### TASK DIRECTIONS
An exact copy of every entry below is required, and no picture may appear in it.

### DATA TO USE
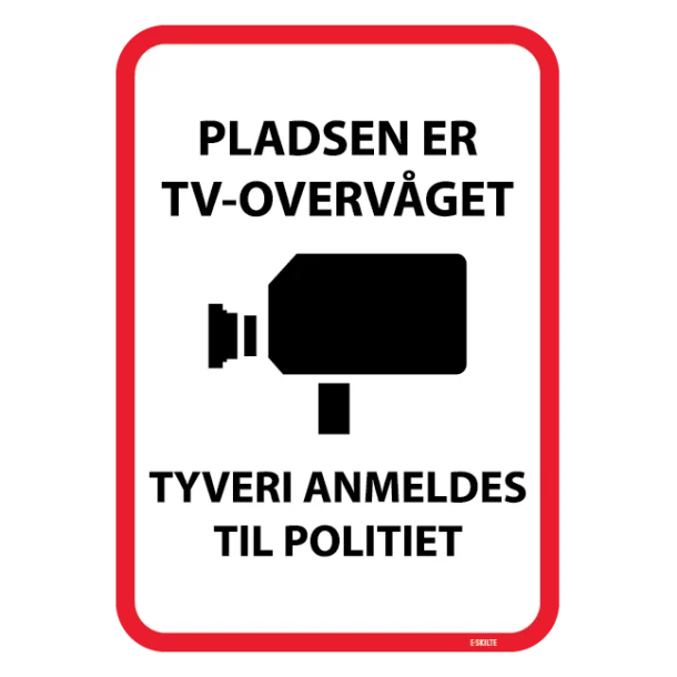 Investér i “Pladsen er TV overvåget Tyveri anmeldes til politiet skilt” i dag, og send et utvetydigt budskab, der kan have en stor indflydelse på sikkerheden og sindsroen på din ejendom. Køb skiltet nu, og tag det første skridt mod en mere sikker hverdag.
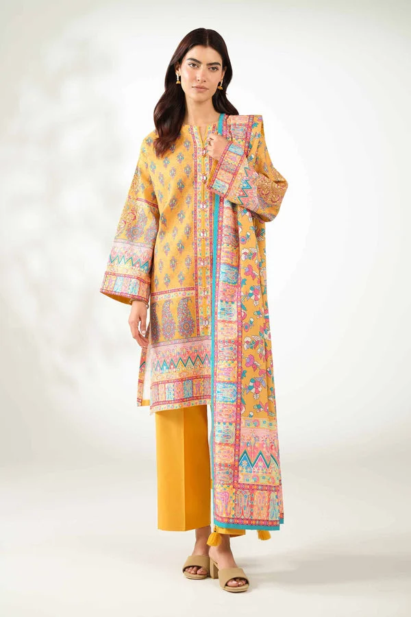 3-piece printed embroidered karandi yellow suit PKR:15,490.
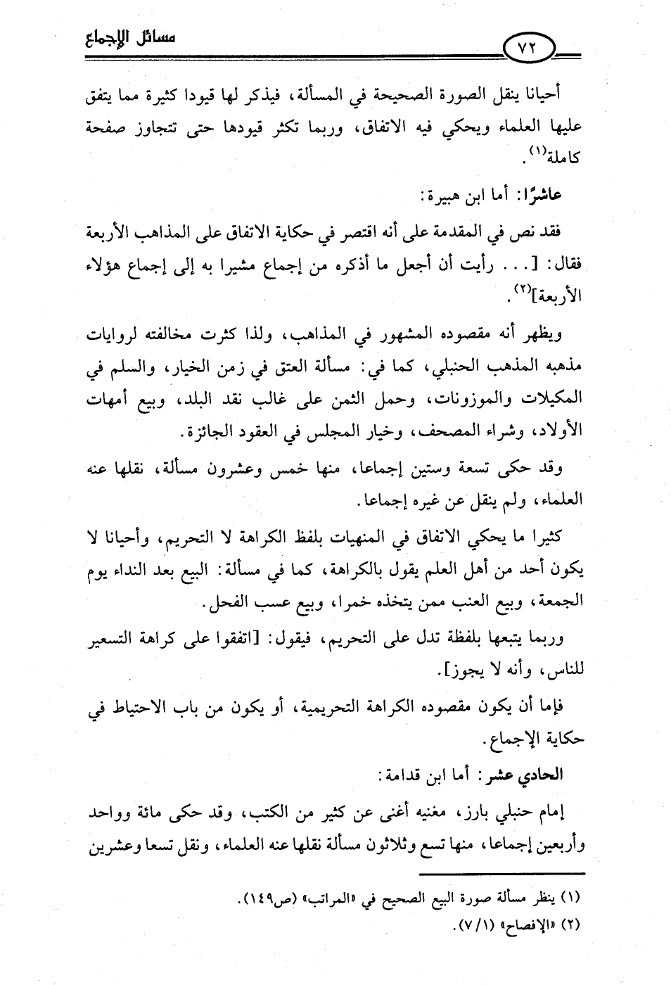 إمام حنبلي بارز، مغنيه أغنى عن كثير من الكتب، وقد حكى مائة وواحد وأربعين إجماعا، منها تسع وثلاثون مسألة نقلها عنه العلماء، ونقل تسعا وعشرين
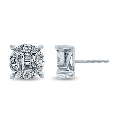 Women's Earrings Scarlett showcase a refined design in 10K white gold, adorned with 0.87 carats of round and baguette diamonds meticulously set in an elegant flower like pattern.
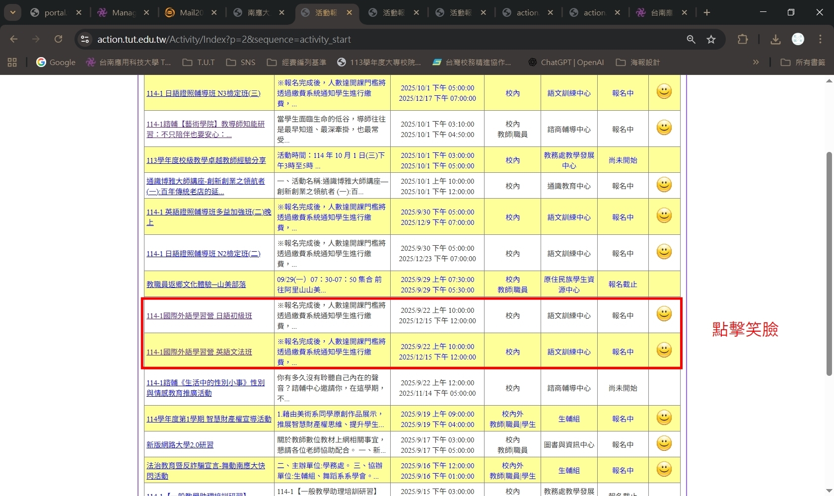 4.活動非常多...請拉到第二頁,在大約中間的位置就會找到課程名稱>並點擊笑臉

### EXPECTED ANSWER
 Investér i “Pladsen er TV overvåget Tyveri anmeldes til politiet skilt” i dag, og send et utvetydigt budskab, der kan have en stor indflydelse på sikkerheden og sindsroen på din ejendom. Køb skiltet nu, og tag det første skridt mod en mere sikker hverdag.
 3-piece printed embroidered karandi yellow suit PKR:15,490.
 إمام حنبلي بارز، مغنيه أغنى عن كثير من الكتب، وقد حكى مائة وواحد وأربعين إجماعا، منها تسع وثلاثون مسألة نقلها عنه العلماء، ونقل تسعا وعشرين
 Women's Earrings Scarlett showcase a refined design in 10K white gold, adorned with 0.87 carats of round and baguette diamonds meticulously set in an elegant flower like pattern.
 4.活動非常多...請拉到第二頁,在大約中間的位置就會找到課程名稱>並點擊笑臉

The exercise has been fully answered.